Among the books to which Parker has contributed are Scribner's British Writers (on L. P. Hartley, 2002), the seventh edition of The Oxford Companion to English Literature (2009), Fifty Gay and Lesbian Books Everybody Must Read (2009) and Britten's Century, published in 2013 to mark the centenary of the composer Benjamin Britten. His edition of G. F. Green's 1952 novel In the Making was published as a Penguin Modern Classic in 2012, and in 2016 he wrote an introduction to the Slightly Foxed edition of Diana Petre's 1975 memoir The Secret Orchard of Roger Ackerley. A full-length animated feature film of J. R. Ackerley's book My Dog Tulip, for which he collaborated on the script and acted as advisor to the producers, was released in 2010.

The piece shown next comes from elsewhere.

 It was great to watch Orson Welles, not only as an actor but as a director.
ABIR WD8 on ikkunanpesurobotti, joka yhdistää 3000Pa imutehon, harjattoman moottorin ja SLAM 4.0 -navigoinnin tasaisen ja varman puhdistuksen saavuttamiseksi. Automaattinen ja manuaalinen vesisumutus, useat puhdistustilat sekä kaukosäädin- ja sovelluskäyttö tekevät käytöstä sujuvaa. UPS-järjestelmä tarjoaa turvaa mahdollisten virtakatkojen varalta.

Parker was a member of the executive committee of English PEN from 1993 to 1997 and a trustee of the PEN Literary Foundation, acting as chair from 1999 to 2000. He was on the committee of the London Library from 1999 to 2002, subsequently becoming a trustee (2004–07); chair of the Royal Horticultural Society's Lindley Library Advisory Committee (2009–2013); and vice-chair of the Council of the Royal Society of Literature (2008–14). From 2014 until 2017 he was a visiting fellow in the School of Arts at the University of Northampton.

Since 1979 Parker has been a frequent contributor of reviews and features to numerous newspapers and magazines, including The Listener, The Independent, The Daily Telegraph, The Sunday Times, The Spectator, The Times Literary Supplement, the New Statesman, The Oldie, Slightly Foxed, Apollo and the gardening quarterly Hortus. He was on the editorial board of the London Library Magazine (2008–2019) while he continues to serve on the editorial board of RIBA's A Magazine. Since 1990 he has been one of the judges of the annual Ackerley Prize for literary autobiography, becoming chair in 2007, and he was for several years one of the judges of the Encore Award for a second novel.